Inflammatory processes in the soft tissues of the feet, caused by:
- corns;
- calluses;
- ingrown nails;
- infection of periungual tissues (panacirium).
They make walking difficult and cause suffering, but among all the causes of foot pain they are the most harmless. If you consult a doctor in a timely manner, these pathologies can be easily treated and do not lead to the development of complications.
It is important to correctly diagnose inflammation of the soft tissues of the feet, so as not to confuse them with symptoms of much more serious diseases, such as atherosclerosis of the lower extremities, diabetic foot.
Useful video from a doctor
Professor, neurologist, chiropractor and medical kinesiologist, MD. Vasilievna Lyudmila Fedorovna about pain in the foot:
Author of the article:
Kaplan Alexander Sergeevich |
Orthopedist Education: diploma in General Medicine received in 2009 at the Medical Academy named after. I. M. Sechenov. In 2012, she completed postgraduate studies in the specialty “Traumatology and Orthopedics” at the City Clinical Hospital named after. Botkin at the Department of Traumatology, Orthopedics and Disaster Surgery. Our authors
Vascular diseases
One of the most serious causes of pain in the legs is atherosclerosis of the lower extremities, in which the supply of oxygen and nutrients to the tissues of the feet is disrupted. The main causes of this disease are diabetes and smoking.
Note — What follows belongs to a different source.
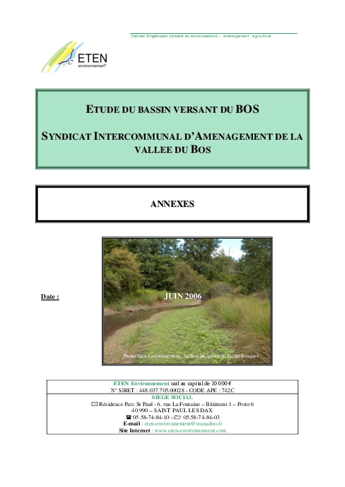 Etude du bassin-versant du Bos. Rapport

Diabetes mellitus leads to the development of the so-called diabetic foot, characterized by a whole complex of pathological changes. In the initial stages of the disease, symptoms such as decreased skin sensitivity, a feeling of numbness, nail deformation, swelling, itching, dryness, discoloration of the skin, and the ball of the foot may hurt when walking. In later stages, non-healing ulcers appear, which affect increasingly deeper layers of tissue down to the bones and lead to the development of gangrene, which requires immediate amputation of the legs above the affected tissue.